◆ Problem description
Although the data below contains pictures, output only the lines between those holding "Showcase your culinary" and "Madagascar. Visa mindre", inclusive, exactly and without those pictures.

◆ Record extracts
+++

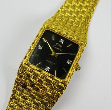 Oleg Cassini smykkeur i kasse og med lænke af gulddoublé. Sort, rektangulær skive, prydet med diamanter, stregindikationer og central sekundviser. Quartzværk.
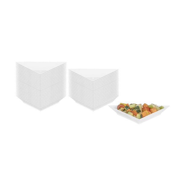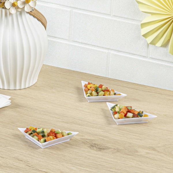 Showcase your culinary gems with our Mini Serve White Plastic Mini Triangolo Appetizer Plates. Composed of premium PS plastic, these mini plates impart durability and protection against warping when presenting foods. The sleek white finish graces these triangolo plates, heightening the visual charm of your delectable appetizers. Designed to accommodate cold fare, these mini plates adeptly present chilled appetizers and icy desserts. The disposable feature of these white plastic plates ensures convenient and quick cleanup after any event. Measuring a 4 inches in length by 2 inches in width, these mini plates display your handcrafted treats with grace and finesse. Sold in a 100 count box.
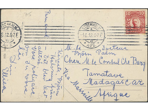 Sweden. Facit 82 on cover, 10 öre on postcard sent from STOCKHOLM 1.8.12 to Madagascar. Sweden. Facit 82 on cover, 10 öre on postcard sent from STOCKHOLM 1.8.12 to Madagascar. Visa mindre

+++

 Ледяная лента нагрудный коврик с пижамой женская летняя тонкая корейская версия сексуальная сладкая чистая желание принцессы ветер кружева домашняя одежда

+++

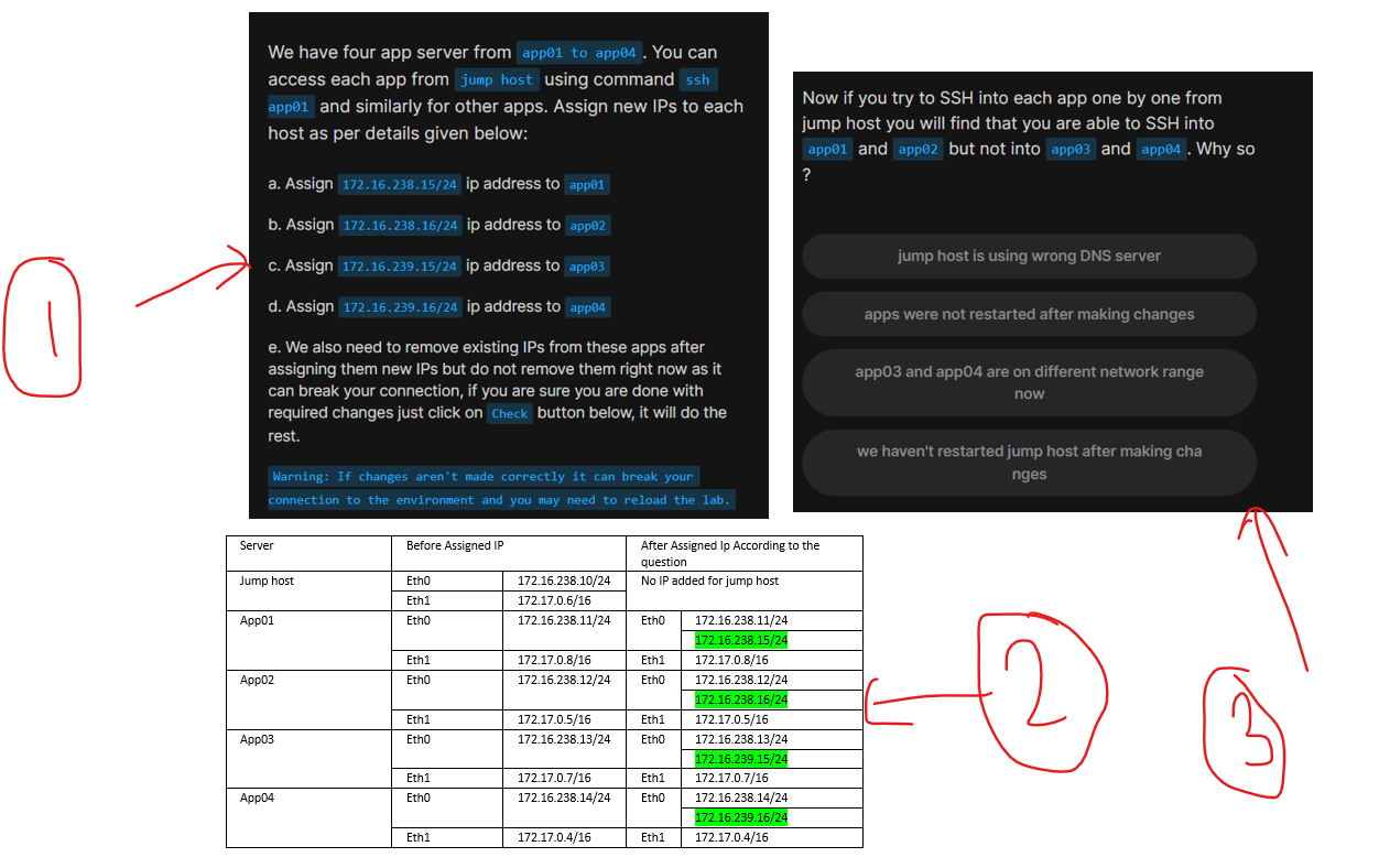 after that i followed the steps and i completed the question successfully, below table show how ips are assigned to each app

+++

◆ Result below
 Showcase your culinary gems with our Mini Serve White Plastic Mini Triangolo Appetizer Plates. Composed of premium PS plastic, these mini plates impart durability and protection against warping when presenting foods. The sleek white finish graces these triangolo plates, heightening the visual charm of your delectable appetizers. Designed to accommodate cold fare, these mini plates adeptly present chilled appetizers and icy desserts. The disposable feature of these white plastic plates ensures convenient and quick cleanup after any event. Measuring a 4 inches in length by 2 inches in width, these mini plates display your handcrafted treats with grace and finesse. Sold in a 100 count box.
 Sweden. Facit 82 on cover, 10 öre on postcard sent from STOCKHOLM 1.8.12 to Madagascar. Sweden. Facit 82 on cover, 10 öre on postcard sent from STOCKHOLM 1.8.12 to Madagascar. Visa mindre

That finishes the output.